Yeah absolutely embarassing take. If I had a nickle for every time someone sent me some AI garbage that was supposedly "thoroughly vetted and cross checked agent output", I'd be at least a thousandaire (gotta keep it real).

There are strengths, but if you think its writing stream of code and just using it as is, I would LOVE to compete against you.

▲

tokioyoyo an hour ago | parent | prev [-]

I commented this yesterday, I’ll repeat it again - what do you guys think organizations that have heavily leaned into AI are shipping nowadays?

Most devs aren’t working on cutting edge, low level, mission critical systems. AI is great for that. Every company I personally know have been fast shipping features that are being used daily by millions of people for the past 7 months.

We have the same thing on my team, and we also understand the limitations of AI generated code. If you’re more or less experienced, you can easily see the “good” and “bad” sides of it. So you kinda plan it out in a way that you can “evolve AI generated software”. I wouldn’t say the same thing in 2025 January, but it’s much different times now.
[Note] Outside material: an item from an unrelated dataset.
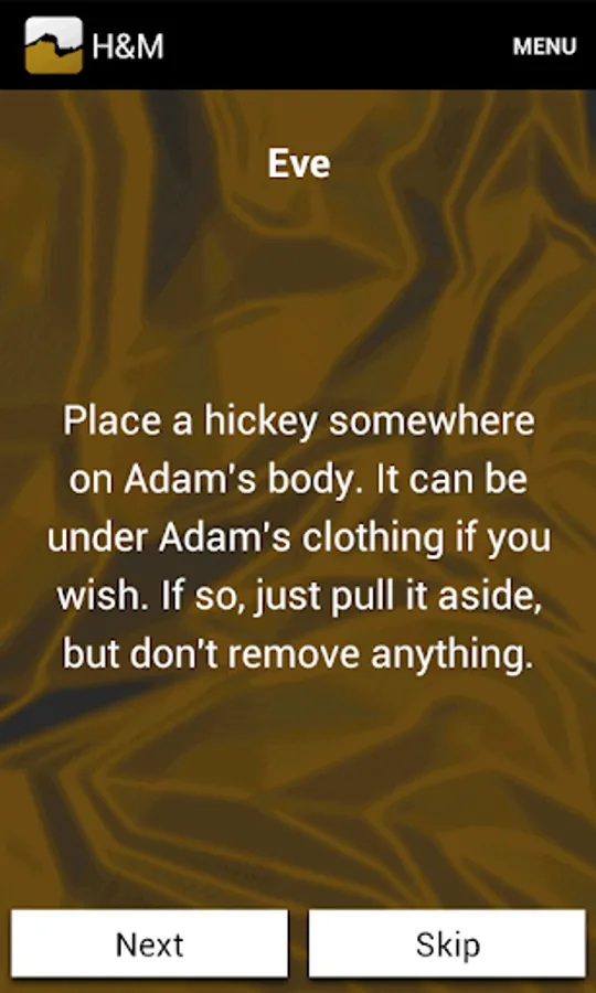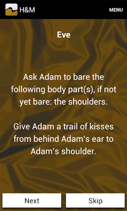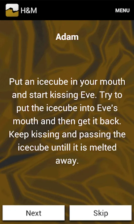 This game can help you to revive your kissing life as a married couple. For one hour you will be taking turns doing some actions that involve kissing each other. Starting from simple romantic kissing, the atmosphere will gradually become more and more intense. Before you know, you are making out, sliding into a long sensual foreplay session. You will get passionate, things will get erotic. Clothes will be shed and your lips and tongues will be all over each other's body. Even down there? Well, that's up to you!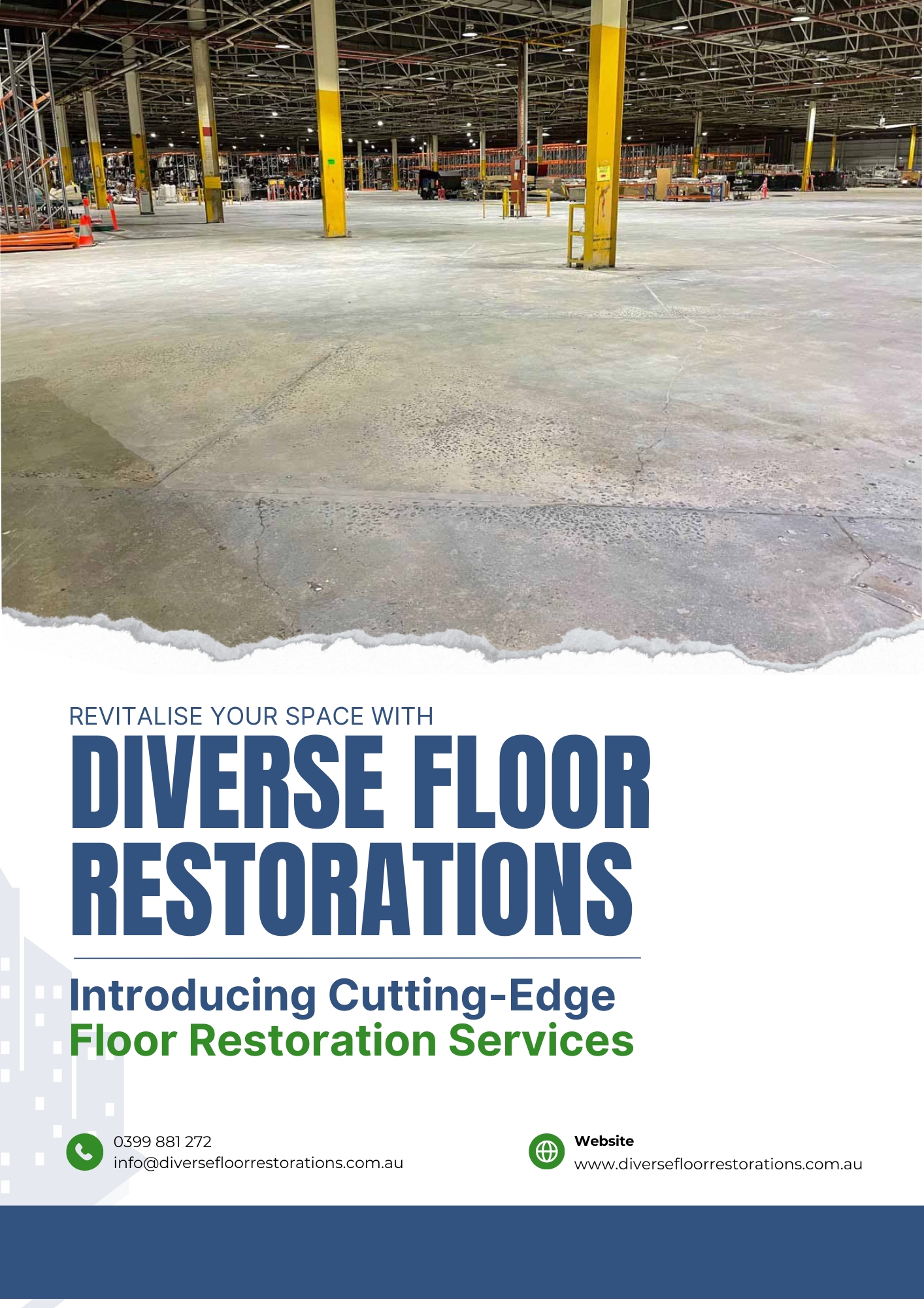 Melbourne, Victoria May 6, 2024 (Issuewire.com) - Diverse Floor Restorations, the top concrete floor restoration company in Melbourne, is pleased to share the introduction of its state-of-the-art floor restoration services designed specifically for large commercial establishments. Diverse Floor Restorations provides various services tailored to each client's specific demands while maintaining a passion for revitalising places and a dedication to excellence.

Things are already working.

▲

pron an hour ago | parent | next [-]

> If you’re more or less experienced, you can easily see the “good” and “bad” sides of it. So you kinda plan it out in a way that you can “evolve AI generated software”.

If you're truly "managing fleets of agents" there's no way you're able to sift through the good and the bad in the output. If your AI-generated code is evolvable (which is hard to tell right now) then you're not writing it with "fleets of agents". If you are writing it with fleets of agents, I would bet it's not evolvable; you just haven't reached the breaking point yet.

▲

Zetaphor an hour ago | parent | prev [-]

Most of the people making this argument vastly overestimate the quality of engineering and discipline that behind the software powering most corporations. CRUD apps are likely to be the most prominent type of application across industries, and most of them are crud

	▲	pron 39 minutes ago \| parent [-]
		If the code is really simple, it's cheap to read it. When people don't read it (and when they need to use "fleets of agents"), it's because it's not so simple, and then the people who trust the outcome are those who don't know what it is that they've committed into the codebase. Their logic is no more than: the system hasn't collapsed under the load of 50 (or 500) changes so it probably won't collapse under the load of the next 500 (or 5000). Because that's how engineered systems work, right? If they're fine under light stress, they're fine under heavier stress.